Prof. Moghimi has made groundbreaking contributions to the field of advanced drug delivery, nanoparticle engineering, and nanopharmaceutical performance and safety. The work in Prof. Moghimi’s laboratory has employed an interdisciplinary state-of-the-art approach to study disease mechanisms with the aim of identifying realistic opportunities offered by understanding pathophysiolocal processes to the design and engineering of efficient and safe nanopharmaceuticals. Professor Moghimi’s research has advanced fundamental understanding of biological barriers, and particularly the role of innate immune system in relation to nanoparticle performance and safety. Throughout, his work has led to the development of new materials and approaches for treatment of various conditions to include cancer, cardiovascular diseases, immune disorders, and disease of the central nervous system.

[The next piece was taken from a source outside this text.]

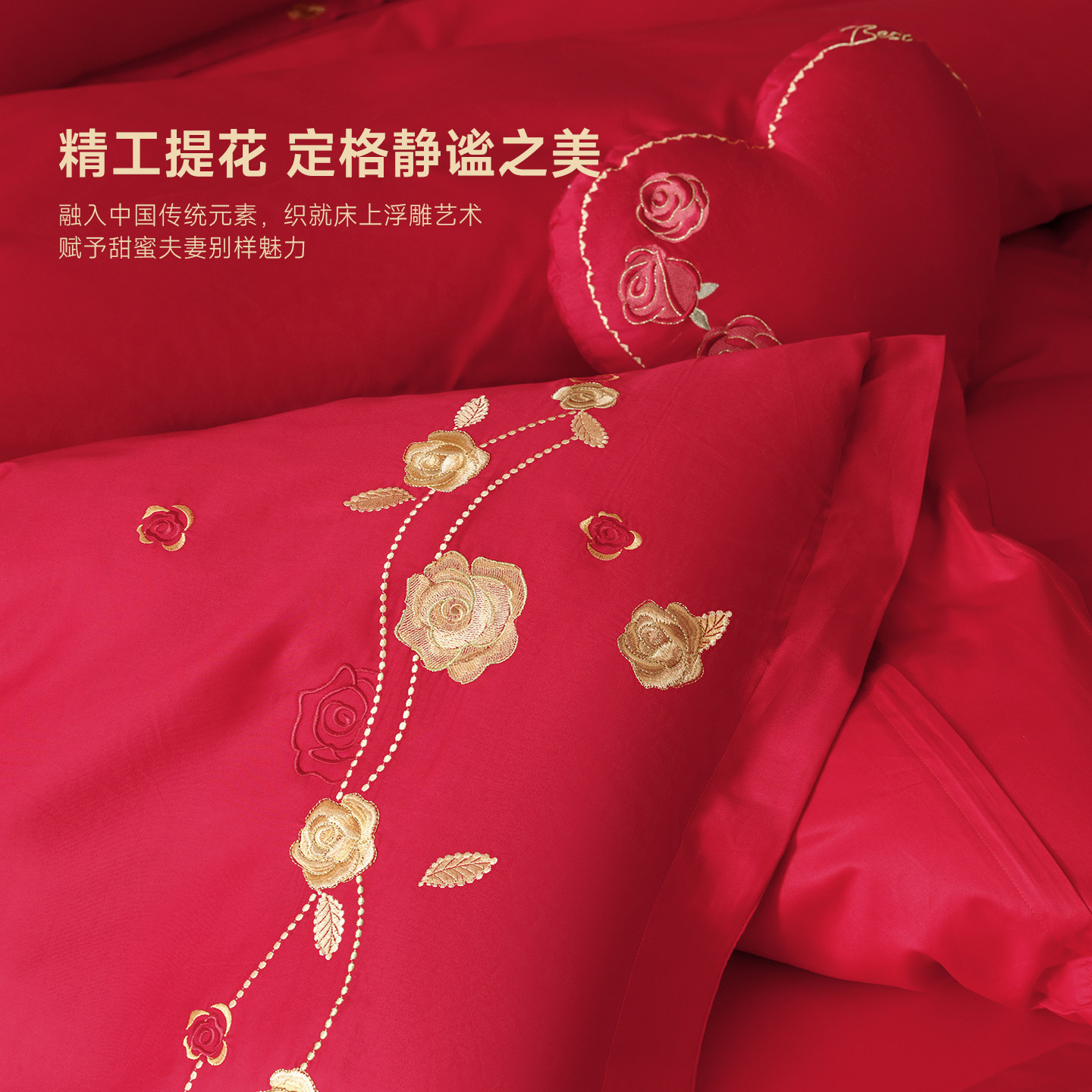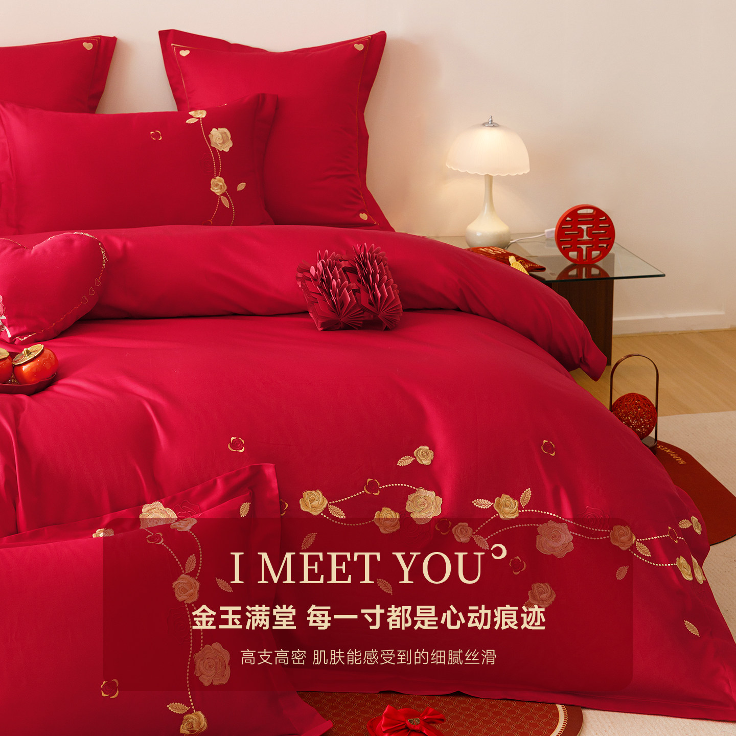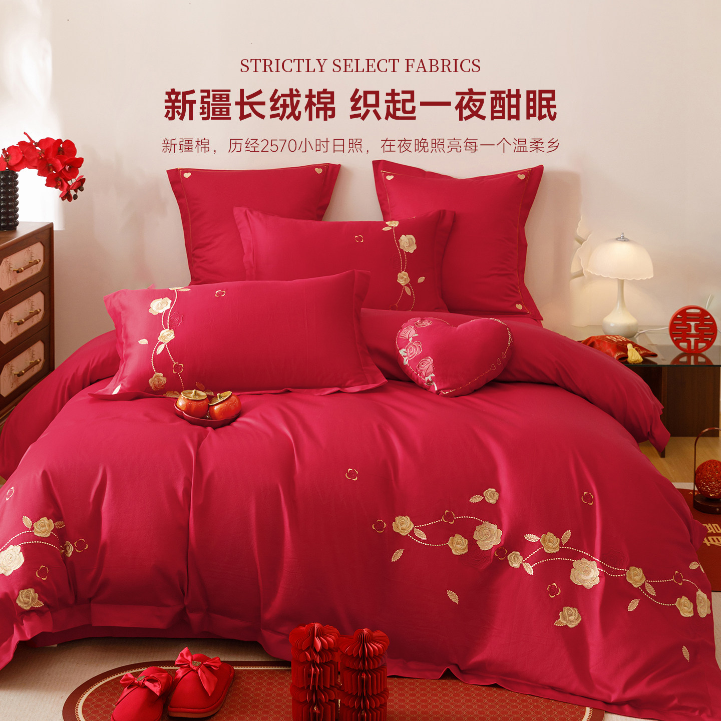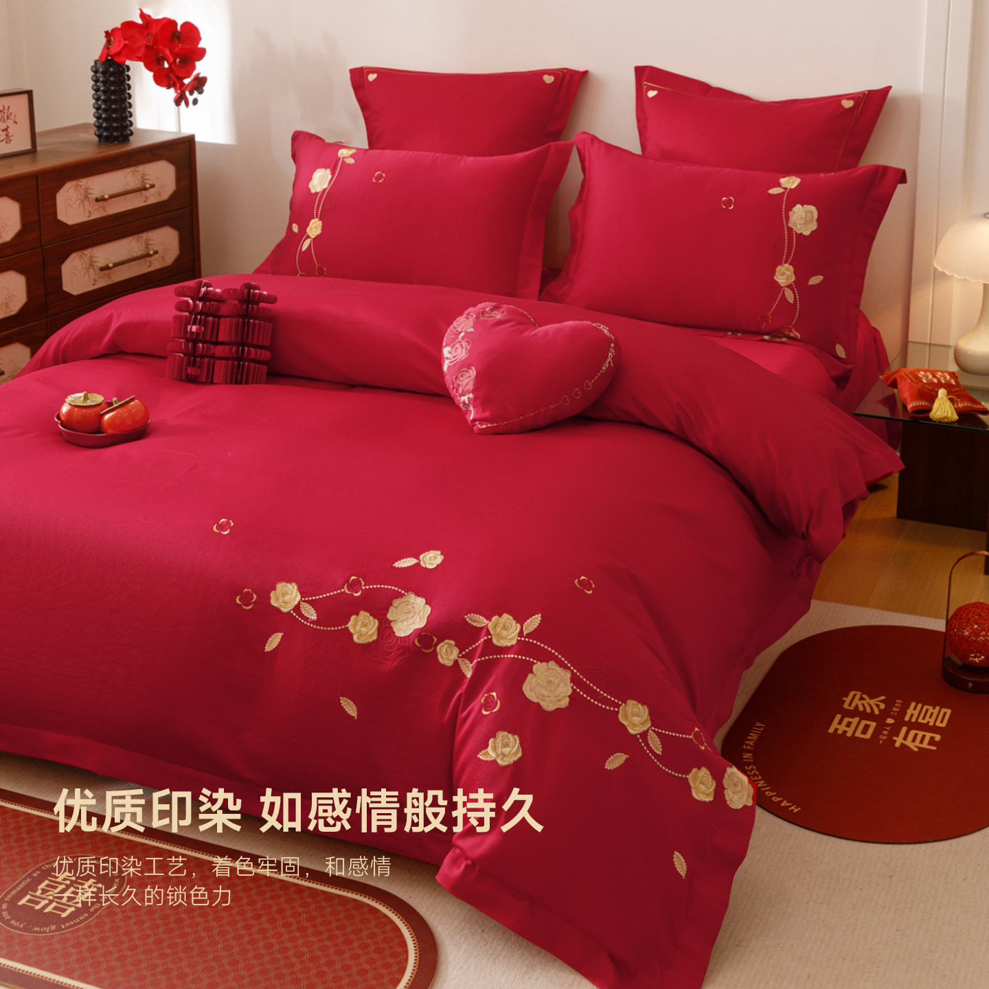 红豆婚庆四件套全棉喜庆结婚床上用品纯棉大红刺绣被套床单新婚嫁

Prof. Moghimi has received continuous and extensive funding support from numerous bodies (securing over 25 million Euros in competitive research from National and European Commission FP-7 Programmes as principal investigator and co-investigator), and created a global network of more than 40 renowned scientists at the forefront of experimental and clinical medicine as well as bioengineering.

The latest research activities in Prof. Moghimi’s laboratory are expected to push the boundary of the nanotherapies to a personalized level. Thus, the enabling solutions from Prof. Moghimi’s laboratory is being directed for better management and more effective treatment of diseases and chronic conditions associated with the growing aging population including cancer, neurological disorders (e.g., Alzheimer’s disease and Parkinson’s disease), cardiovascular diseases (e.g., atherosclerosis), arthritis, and allergy. The focus is not only directed on detailed mapping of nanopharmaceutical “structure-activity” relationships at single cell and molecular levels, but also on long-term concomitant extensive computational network knowledge of genomics and epigenomics of inter-individual variations to nanoformulation performance, and adverse drug and nanomaterial responses.